Paul Weller has now looked exactly the same for almost as long as Bryan Ferry has — he still has that rail-thin, Mod-haired appearance that Oasis’s Gallagher brothers stole from him. And if you’re willing to write off the Style Council as an eight-year indulgence, his music’s been almost as consistent. The " angry young man " tag didn’t fit Weller for long — he came out of the closet as a romantic about halfway through the Jam’s tenure. By that band’s swan song, 1982’s The Gift, he was already turning into a soul singer, with the necessary mix of warmth and cool. And that mix has served him well since he went solo in the early ’90s.

Maybe the US audience still hasn’t forgiven him for breaking up the Jam, since most of his solo albums — which offer some of the most accessible songwriting of his career — have barely sold enough to qualify him for cult status. Last fall’s Heliocentric wasn’t even released in America, and a band tour at that time was scrapped because of an apparent lack of advance sales. He finally played to about two-thirds of a house at Berklee last Thursday, as part of an " intimate acoustic " tour (i.e., he couldn’t afford to take the band). As he wryly remarked, " You might not know these songs, since they’re not on the radio every five minutes. "

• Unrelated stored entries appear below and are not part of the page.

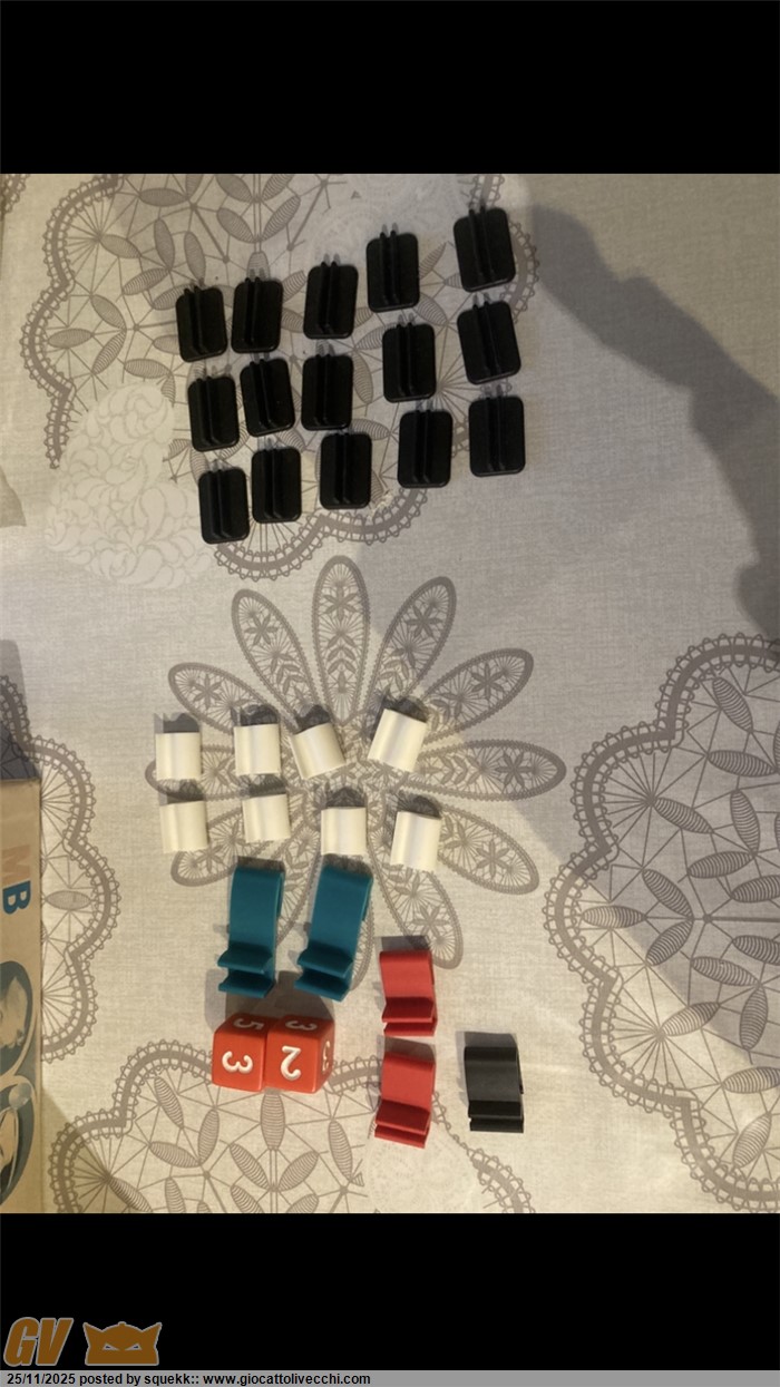 Ci sono tutti i componenti per giocare , (c’è addirittura un elastico di riserva per la trappola del lampadario)manca solo un fermaglino nero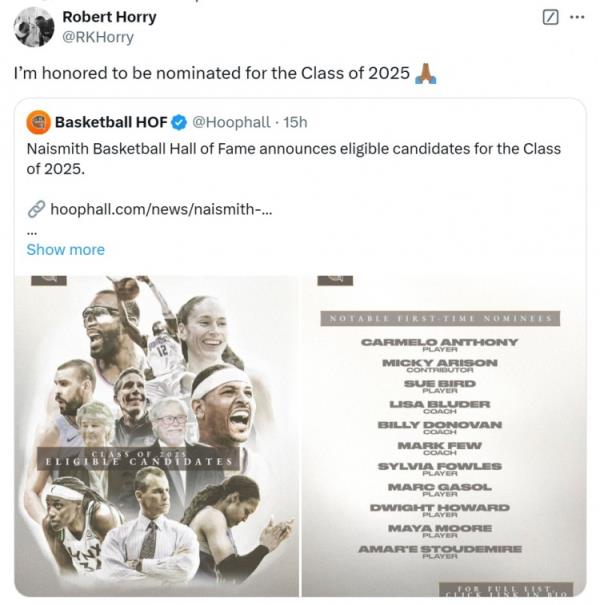其中,七冠成員羅伯特-霍里在列。對此,他轉推評論道:“我很榮幸能夠提名2025屆奈史密斯名人堂?!?/p>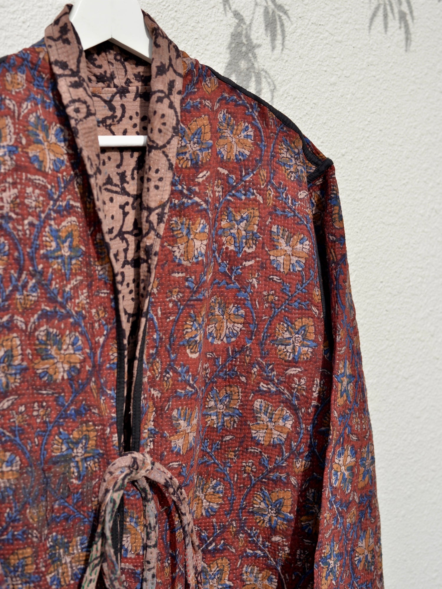 인도에서 방대한 스톡 중에서 선택한 칸타 퀼트를 재킷으로 완성했습니다.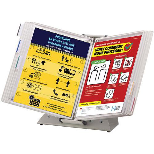 - Kit de cavalete antimicrobiano com pivot para apresentação higiénica de documentos.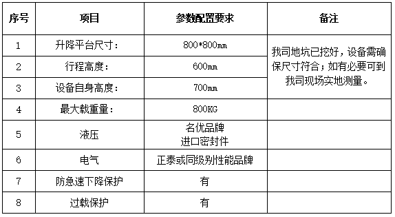 項目名稱:液壓升降平臺采購與安裝項目

The songs in question came largely from his five solo albums rather than from his old bands, but Weller did play one Style Council number ( " Headstart for Happiness " ) and three by the Jam ( " English Rose, " " That’s Entertainment, " and " Town Called Malice " — the last the only one that wasn’t originally an acoustic tune). " That’s Entertainment " showed how good a singer he’s become: he delivered it with a sense of nuance he didn’t used to have. Thus the lyric, which originally sounded like a list of well-placed cheap shots, painted a much more poignant picture of urban desolation.

But the night mainly wound up proving that Weller’s latest songs often sound better without the long jams of the recorded electric versions. Stripped down to acoustic basics, " You Do Something to Me " and " Foot of the Mountain " revealed his oft-overlooked gift for melody, and the new " There’s No Drinking After You’re Dead " was a nice mix of haunting tune and seize-the-day lyric. Weller wasn’t any chattier on stage than he’s been in the past, but did smile and acknowledge the crowd more often. And though he was seated throughout the set, he did enough foot stomping and loud strumming to head off charges of mellowing out. Yes, his new songs have more emotional generosity than his old ones, but that’s not mellowing out, it’s growing up. And if you consider what his old role model Pete Townshend was doing at about the same age (The Iron Man and a bogus Who tour), then Weller comes out smelling like an English rose.